#### TASK TO CARRY OUT:
Would you restate every entry that follows, word for word, and leave out the pictures?
________
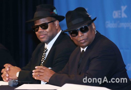 미국 팝 가수 지미 잼과 테리 루이스가 8일 오전 서울 마포구 상암 YTN 미디어홀에서 열린 'One K 글로벌 캠페인송' 제작발표회에 참석하고 있다.
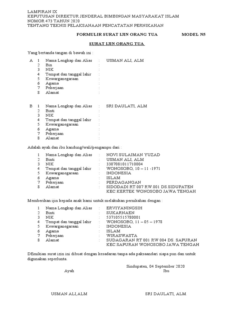 Surat izin orang tua 1.
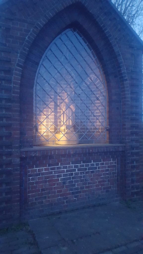 Dort kam es nach dem Marienlied zu einer besonderen Aktion: Bevor die Marienfigur hinter dem neu verglasten und gestrichenen Gitter verschwand, durfte jeder der Reihe nach die Figur in die Hand nehmen und weitergeben. Schließlich stellte die Nachbarin Sigrid Dörning das Marienbild ins Heiligenhäuschen.
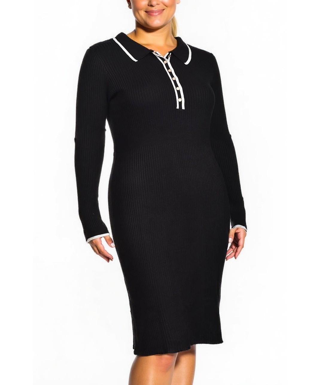 Елегантна черна рокля от вискоза с единично релефно плетиво, прилепнал силует, дълги ръкави и контрастна яка с копчета. Удобна, стилна и подходяща за офис или ежедневие. Лесна за пране, мека и удобна!!
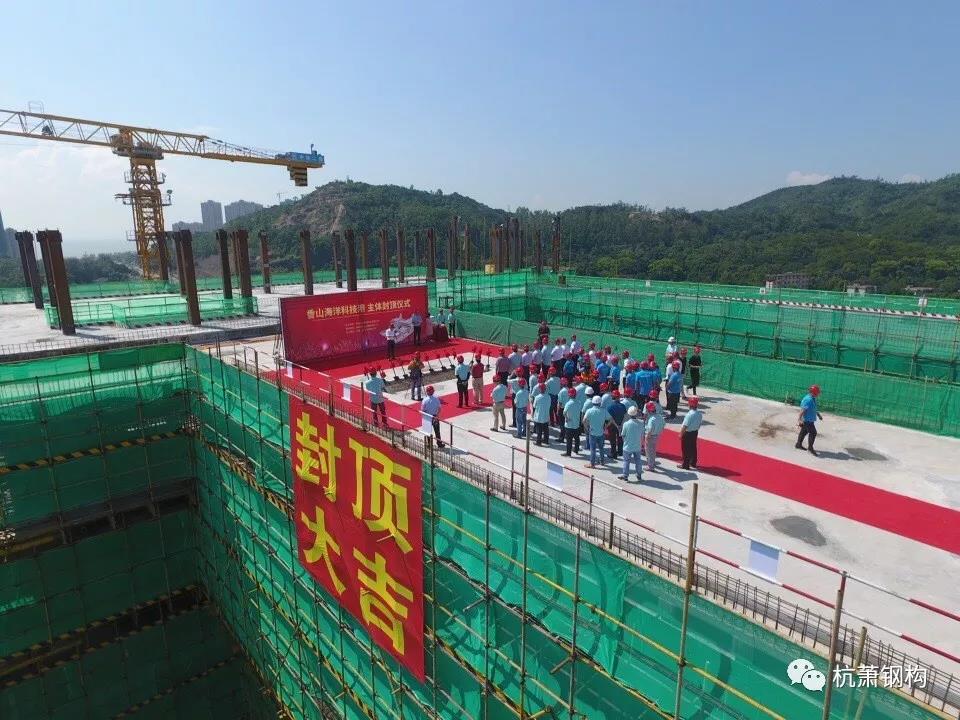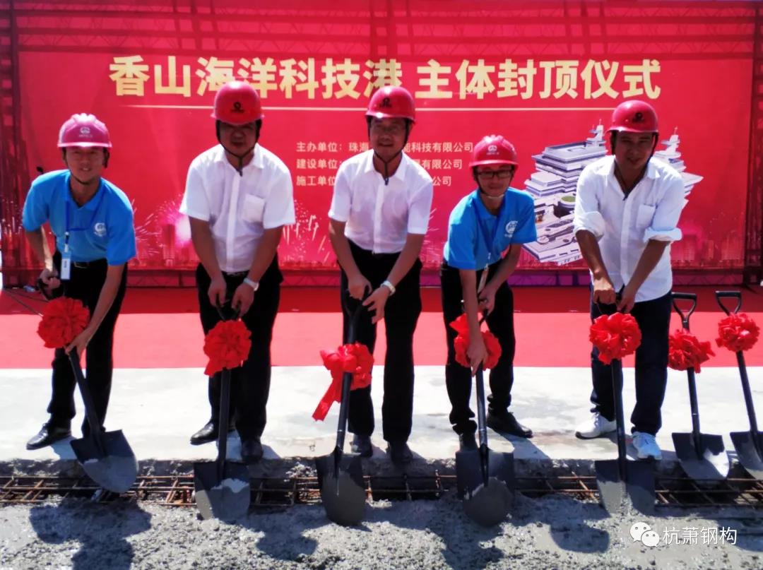 8月8日10时,零丁洋畔,由半岛官方网页 (以下简称“bd游戏的官方 ”)控股子公司——bd游戏的官方 (广东)有限公司(以下简称“广东杭萧”)承接的广东省及珠海市重点工程项目:全国首个无人船基地(命名“香山海洋科技港”),在一派喜庆的气氛中完成了最后一注混凝土浇筑,顺利封顶!各方领导莅临现场出席了封顶仪式。
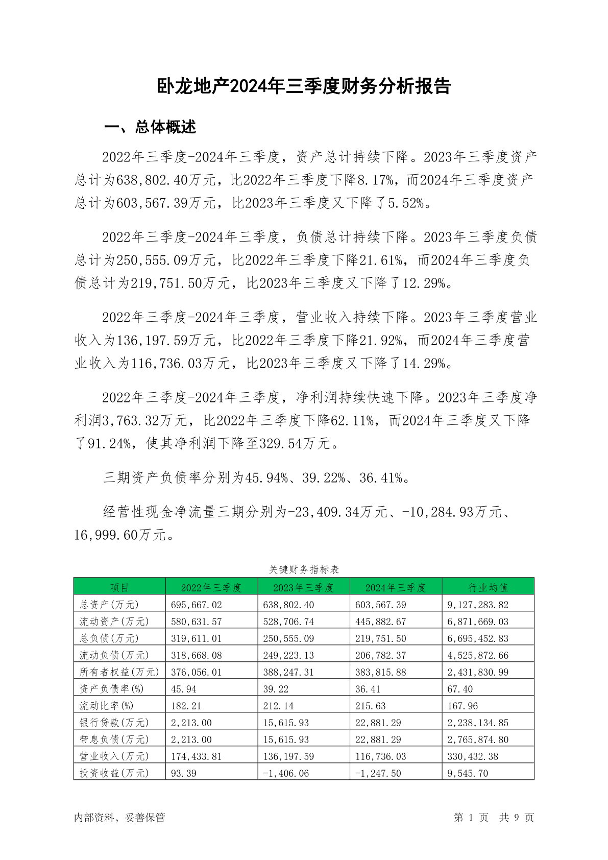 600173卧龙地产2024年三季度财务分析报告-银行版
________
#### TASK ANSWER:
 미국 팝 가수 지미 잼과 테리 루이스가 8일 오전 서울 마포구 상암 YTN 미디어홀에서 열린 'One K 글로벌 캠페인송' 제작발표회에 참석하고 있다.
 Surat izin orang tua 1.
 Dort kam es nach dem Marienlied zu einer besonderen Aktion: Bevor die Marienfigur hinter dem neu verglasten und gestrichenen Gitter verschwand, durfte jeder der Reihe nach die Figur in die Hand nehmen und weitergeben. Schließlich stellte die Nachbarin Sigrid Dörning das Marienbild ins Heiligenhäuschen.
 Елегантна черна рокля от вискоза с единично релефно плетиво, прилепнал силует, дълги ръкави и контрастна яка с копчета. Удобна, стилна и подходяща за офис или ежедневие. Лесна за пране, мека и удобна!!
 8月8日10时,零丁洋畔,由半岛官方网页 (以下简称“bd游戏的官方 ”)控股子公司——bd游戏的官方 (广东)有限公司(以下简称“广东杭萧”)承接的广东省及珠海市重点工程项目:全国首个无人船基地(命名“香山海洋科技港”),在一派喜庆的气氛中完成了最后一注混凝土浇筑,顺利封顶!各方领导莅临现场出席了封顶仪式。
 600173卧龙地产2024年三季度财务分析报告-银行版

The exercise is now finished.